So discussions about immigration have to be part of the discussion about handling our growing population. Unfortunately, those discussions so far seem mostly about racial and ethnic prejudice - particularly against Hispanics.

Fueled by a 1965 law that increased immigration quotas as part of a broadening civil rights movement, the majority of our immigrants now come from Latin America. Hispanics make up 15 percent of the U.S. population - triple their percentage 30 years ago - and some estimates say Hispanics will account for 25 percent of the U.S. population by 2050.

Though Florida has one of the nation's highest Hispanic populations, 18.5 percent, Leon County has only a 3.5 percent Hispanic population. Neighboring Gadsden County has the largest Hispanic population in the Big Bend at nearly 7 percent.

Reaction to the growth in the country's Hispanic population has been unfriendly. The federal government talks of installing cameras, flying drones and a 700-mile fence along the Mexican border. There has been a crackdown on driver's licenses for illegal immigrants. There is a small-minded insistence by some Americans to have "English only" spoken in our public agencies and schools.

It's an overwrought - if all too familiar - reaction to those simply chasing the American dream. For all our talk about being a melting pot, this nation has spent much of its history trying to prevent immigration. In the 19th century, we tried to keep out the Germans and Irish. At the turn of the 20th century, we banned Chinese, Japanese and Indian immigrants. In the 1920s, we shut the door to those from Eastern and Southern Europe, particularly Catholics and Jews.

Always, the critics complained that certain ethnic groups, races and religions were a threat to our "American culture." Even that champion of American broad-mindedness, Benjamin Franklin, complained in the late 1700s that German immigrants were coming in such numbers that they were going to make us all speak German.

"There have always been groups who look at migrants and say we can't accept those people because they won't be a part of the country," said Florida State University history professor Suzanne Sinke, who specializes in immigration history. "There is a saying that 'riff-raff' is the people who come after you."

Yet all of those once-shunned groups eventually came, assimilated into our culture and made us a more diverse, stronger country.

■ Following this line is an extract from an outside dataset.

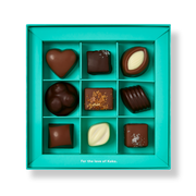 A merry medley of nine white, milk and dark chocolate pralines to make each moment shine so bright! Our chocolatiers have handcrafted, picked and placed each praline in this gift box for treats to light up every occasion.

It is laughable to imagine their not being part of America now, just as someday it will be laughable to imagine the U.S. without its Hispanic population.

"There has always been a significant degree of animosity against people who were later accepted. (Assimilation) is one of our strengths," Sinke said. "I don't see enough differences in what is going on today to warrant the belief this (wave of immigration) would be any different."